You must bring up the activity to have for all things in life the courage and also the will, the effort, to form your own judgement. Because it is being lost. And yes, I don’t want to appear as a conspiracy theorist, but one might think that there is a certain power at work, and that could very well be a supersensible power, or a sub-sensible one; it doesn’t have to be some outer brotherhood or something like that — but that there is a power at work that also wants it that way, that the human being gradually lays aside his independence of his own free will. Nobody says that you must do that, but you just do it, because it is much easier to lean on what others think and say, and to lean on what presents itself to you, let’s say, emotionally from the outside.
That is something quite different from asking yourself inwardly, in all things: how do I want to stand in relation to this? That takes effort — you have to collect data, you have to weigh one thing against another, and you have to have a kind of inner “measuring instrument” to feel, to experience whether something is true or not. You also have to develop that; it’s all quite a business.
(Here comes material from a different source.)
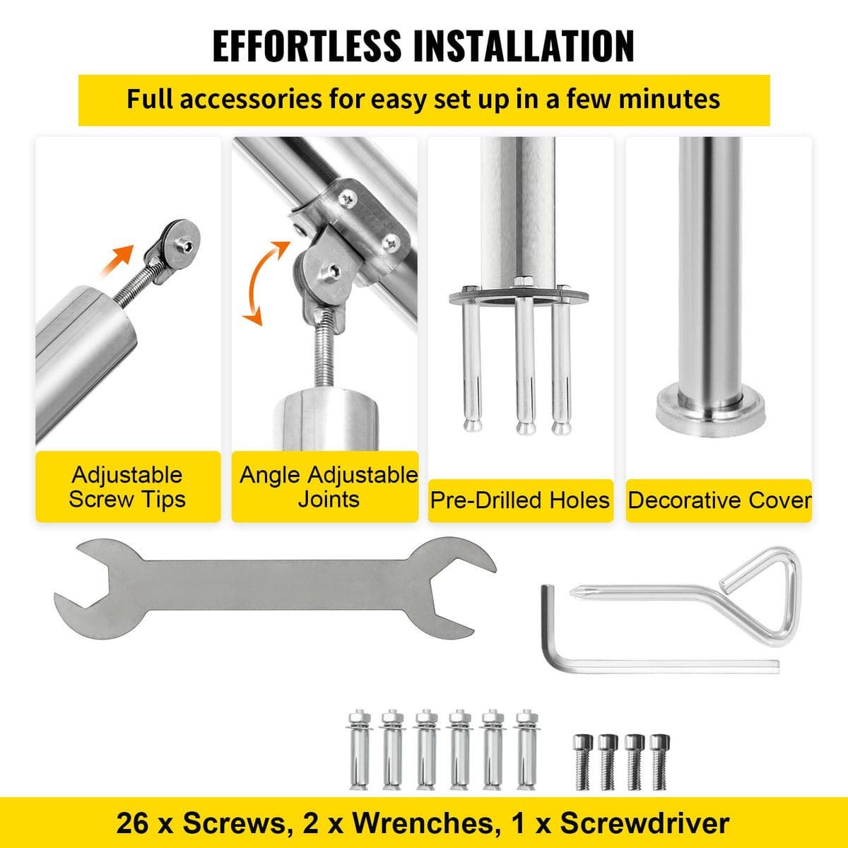 Accompanying the exterior railing for porch are complete accessories for easy installation, including screws, wrench, screwdriver, etc. Just choose your desired location, mark it, drill holes on the mounting surface, set up screws with three ÔøΩÔøΩ0.35″/9 mm pre-drilled holes, and finally place base trim.

It is much easier simply to turn on the TV or YouTube and then watch another broadcast or a short film, and then see all those images and let your opinion be formed by what is served to you. That is what I find worrying about the course of these elections in the Netherlands — that it shows a symptom of a weakening of the faculty of judgement.
And that weakening is also supported by the fact that we are allowed to find less and less. We have freedom of expression, that’s what it’s called, but it is becoming more and more difficult to dare to express an opinion freely. As long as it lies in the stream of what is accepted, you can say anything; but if you would find something else that goes against it, that goes against certain movements that simply exist, yes, then you can get into real trouble. So the freely formed judgement is, in that sense, also made more difficult. I have often spoken in these videos about the development of thinking. I have also spoken about the necessity that we, as human beings, learn to recognise that the world as it appears to us is not the whole.
That in this world a spiritual reality is at work, which gives form and shape. And that world of spiritual reality — let’s say, the lowest level of it that we can reach immediately — is the stage of pure, willed, independent thinking. So I will talk a bit more about that in the coming time. I know that many people have no desire at all to listen to that. But well, what can one do? I see it as an absolute necessity that a call is made to humanity: Go and think without support, whatever you want to think. Do not lean on what exists, but lean on what your pure part of the heart lets you think. So far my reflection concerning last week’s elections.